The Uncommon Man

July 18, 2007

Chicken Soup Factory

This morning we packed 18 people into a small van (not an unusual experience here) and traveled from the IRC office to the community of Chicken Soup Factory (named after the business that was there before the war). We are conducting two days of staff training in the Chicken Soup Factory women's center for the women and men who attended our introductory training in February.

In our previous visits to this women's center it was constructed primarily of grass mats on a cement foundation of a demolished single room structure. Now, a whole new meeting room with a metal roof and plaster walls painted a beautiful blue had been constructed out of what had previously been a front courtyard.
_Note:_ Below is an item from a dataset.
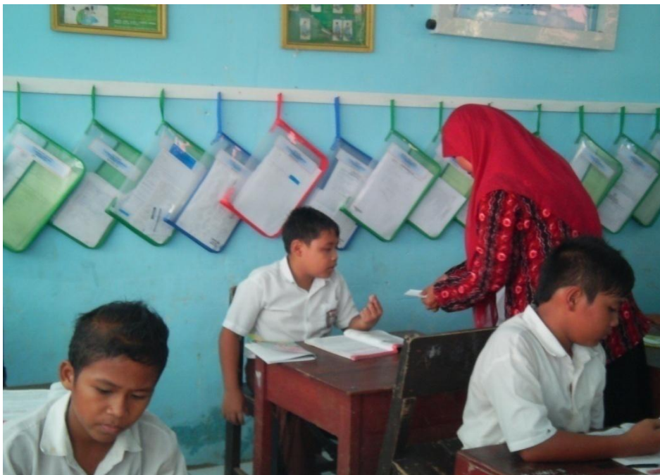
Foto : Guru membagikan kartu pada siswa yang

Most of our first day was spent giving staff a variety of opportunities to explore their assessment of the successes and challenges of the Male Involvement Project since its inception eight month age. This staff group, social workers and trainers based in three different Liberian counties separated by 5-9 hours of rough roads, has few opportunities to be together as a team. The discussion, punctuated by pounding rain creating an almost deafening drumming on the roof, was very important to them.

They shared many stories of men and women making real changes in the lives of the women, men and families of their communities. Men are now referring cases of domestic violence and sexual assault to the IRC social workers. Men and women's action groups in collaboration with community leaders are working together to develop and enforce community rules and regulations about family violence. Men are directly approaching men who have been abusive to challenge them on their behaviors, and support them in developing respectful attitudes and behaviors towards women. Women are more confident in their outreach activities, knowing they have male allies in the community.

In June, the Men As Partners to End Violence Against Women (MAPEVAW) campaign mobilized more than 4000 men and women in nine communities using street parades, sports programs, speakers, skits, songs, chants, dancing, posters and stickers. Over 1700 people in Monrovia marched, chanting and singing, several miles to a rally in City Hall. And one of the major cell phone companies in Liberia, Lonestar, sent a text message to 150,000 subscribers reading "Real Men Do Not Abuse Women- Please join the IRC in supporting its campaign on Men AS Partners in Ending Violence Against Women- June 25-29, 2007."

We also heard about a recent regional meeting of IRC GBV staff from Liberia, Sierra Leone and Cote D'Ivoire where the Male Involvement Project was highlighted. Representatives from several of the men's and women's action groups conducted several of the awareness-raising activities they learned from Men's Resources International to demonstrate strategies for male involvement.

Even as we were meeting with the IRC staff, a Regional Interagency Meeting on GBV, including government officials from Guinea, Cote d'Ivoire, Sierra Leone and Liberia as well as NGO representatives from IRC, UNICEF, Save the Children Alliance, CVT, CCF, Oxfam, UNFPA, UNHCR and others were sharing strategies for GBV response, intervention and prevention. In radio and newspaper interviews, the Liberian Ministry of Gender and Development publicly acknowledged IRC's leadership in involved men in working with women to end gender-based violence.

We ended the day taking Navanita out to dinner at our favorite restaurant with tables literally on the beach, just yards from the surf. We sat under a round thatch roof to protect us from the intermittent rain, learned more about Navanita's previous work in India and Papua New Guinea, and further developed a shared vision for strategic GBV program development in Liberia.